Metadata-Version: 2.3
Name: salesforce-data-customcode
Version: 0.1.6
Summary: Data Cloud Custom Code SDK
License: Apache-2.0
Requires-Python: >=3.10,<3.12
Classifier: Development Status :: 4 - Beta
Classifier: Operating System :: Unix
Classifier: Programming Language :: Python
Classifier: Programming Language :: Python :: 3
Classifier: Programming Language :: Python :: 3.10
Classifier: Programming Language :: Python :: 3.11
Requires-Dist: click (>=8.1.8,<9.0.0)
Requires-Dist: loguru (>=0.7.3,<0.8.0)
Requires-Dist: numpy
Requires-Dist: pandas
Requires-Dist: pydantic (>=1.8.2,<3.0.0)
Requires-Dist: pyspark
Requires-Dist: pyyaml (>=6.0,<7.0)
Requires-Dist: salesforce-cdp-connector
Requires-Dist: setuptools_scm (>=7.1.0,<8.0.0)
Description-Content-Type: text/markdown

# Data Cloud Custom Code SDK

This package provides a development kit for creating custom data transformations in [Data Cloud](https://www.salesforce.com/data/).

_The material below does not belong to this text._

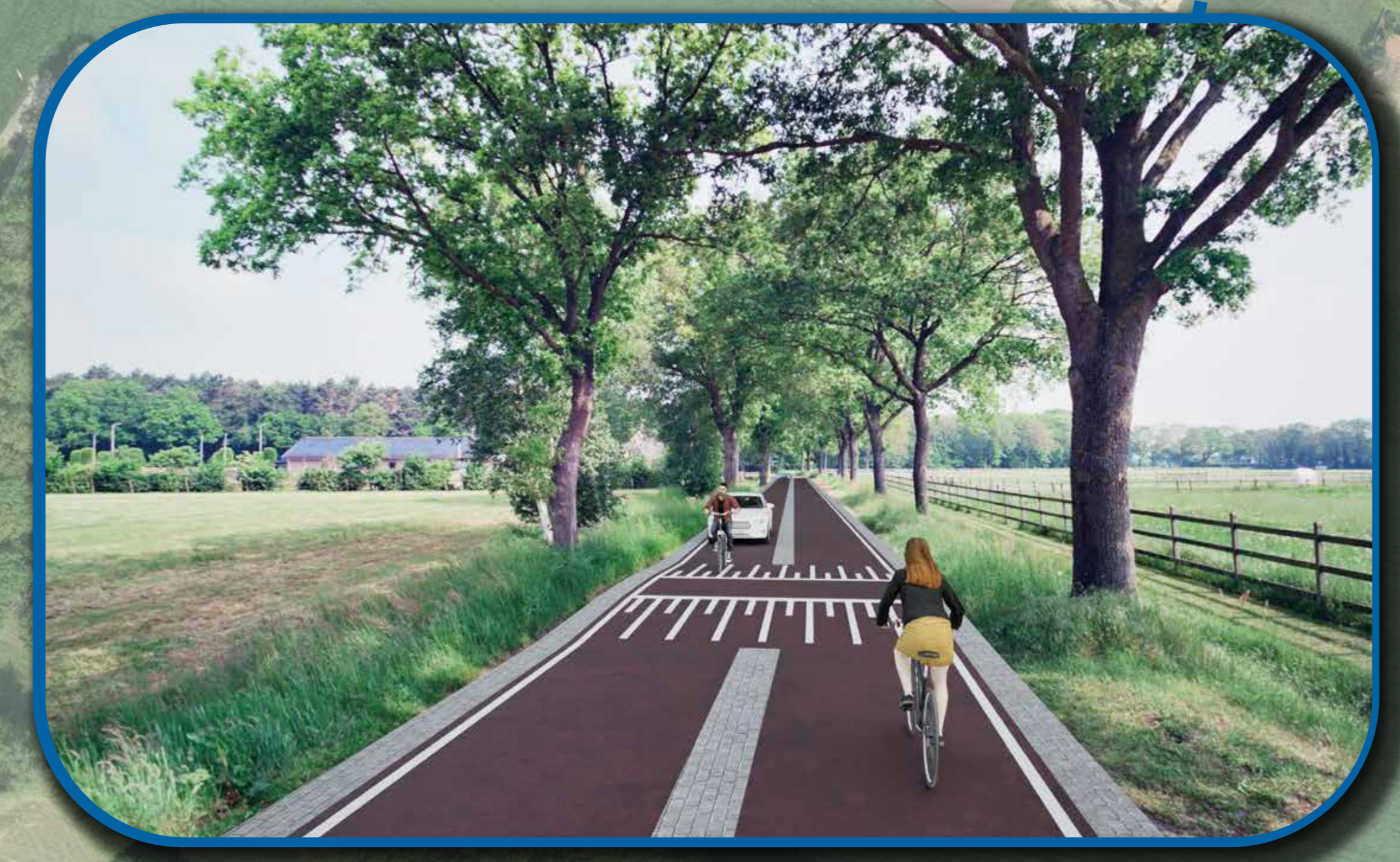
visualisatie drempel in fietsstraat

It allows you to write your own data processing logic in Python while leveraging Data Cloud's infrastructure for data access and running data transformations, mapping execution into Data Cloud data structures like [Data Model Objects](https://help.salesforce.com/s/articleView?id=data.c360_a_data_model_objects.htm&type=5) and [Data Lake Objects](https://help.salesforce.com/s/articleView?id=sf.c360_a_data_lake_objects.htm&language=en_US&type=5).

More specifically, this codebase gives you ability to test code locally before pushing to Data Cloud's remote execution engine, greatly reducing how long it takes to develop.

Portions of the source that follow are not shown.